You would need to consider that every malware family, they have their own structure, so they are not like same structure. And to define the pattern, you would need to have sort of like more understanding of what is specific about this malware family. Is it being as a phishing in the emails or is it, what is the file type that is being sent? And what are the information that I could extract? Some of the valid, valid, variables that you see and the configuration item that you would see is just like they are not necessarily valuable and they may just use default values and you may want to just do not consider them when you want to write your pattern for your automated tool.

This is again from a campaign that was being used and it's for analyzing body of email. A third party actually provided this in JSON format for me, and it was like MIME style. And when I started looking at the files, the body of the email, it was just like something that it is coming from USPS ground. And it's coming from Russia. Like the source is from Russia, the from address, if you take a look at it. And then it's USPS ground. And it's just saying that, OK, go ahead and download this attachment, and you would see the shipment later. Extracting the information of embedded objects, I saw that it's coming in a zip format, and it's a WSF file. Analyzing the WSF file, it

gave me a lot of malicious domains. Here it is. So see?

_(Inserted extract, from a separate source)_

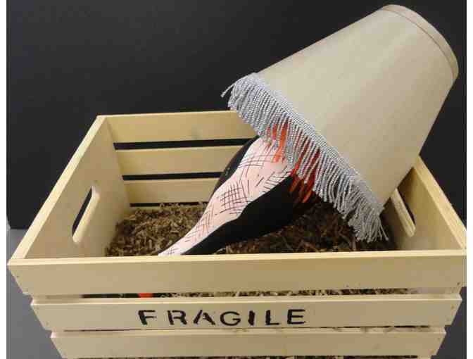 This particular bowling pin was hand crafted by canton artist Matthew Mayle, 115 caps, hammer formed and 25 hours labor.

So for my particular extracting of data, because I have a lot of information, a lot of JSON formats are being passed to me. So for just extracting it, this is a good one to just start with. And I can just take a look at this one, analyze it, and then having a platform for domains is going to be my key. And then the list of domain is going to be my values for this case. So all I need to do is just write a parser in this case. Let's just review so far what we could do for just analyzing a set of malware and it's just like a set of JSON files that has been submitted to us and we are analyzing it. We see that

it's just repeating the same pattern for this particular campaign and I'm having a JSON mime, I'm getting analyzing keys Of course, I can get from address, and I can build up a blacklist for the domain countries that's suspicious. I would say like Russia could be suspicious, China, North Korea, all of them, they could be suspicious. And then you could decode it. You could actually get the analyzed body. Of course, it's basic for encoded. You can decode it, and then you can download the attachments. Analyzing the files, if it is WSF, you can extract the domains. So, baby steps is taken for extracting the information. Look at the chain. The first chain is the most important part when you have

a file that is suspicious. or malicious. Usually the campaigns, what they do, especially now they're getting pretty much smart, they give you a file. The file is going to extract, it has a link. It's going to download something from a link. That file that is downloaded is going to go and just have another link, execute another link, and it's going to get another executable. But first place, the most important thing that we need to consider for extracting is the file, the first, first file that is going to lead to the chain. So just detect the chain and the first, first chain and try to extract it. This is something, an email campaign that's is featuring a PDF attachment. And

right now, as of now, they are actually pretty much active and they are sending emails. This is what it does. It's a zip file. It has a PDF in it. The PDF when you open it, it has a URL link. It's going to download a JavaScript file. The JavaScript file itself, it has a link. And it's going to download an executable file. So the first thing that we need to extract is the PDF and we need to detect it. Now guess what? The PDF is fully undetectable by AV engines. No AV engine is able to detect it. And here is what I'm going to share with you. So if you apply a strings A on the PDF file, you would see that, okay, it has a domain.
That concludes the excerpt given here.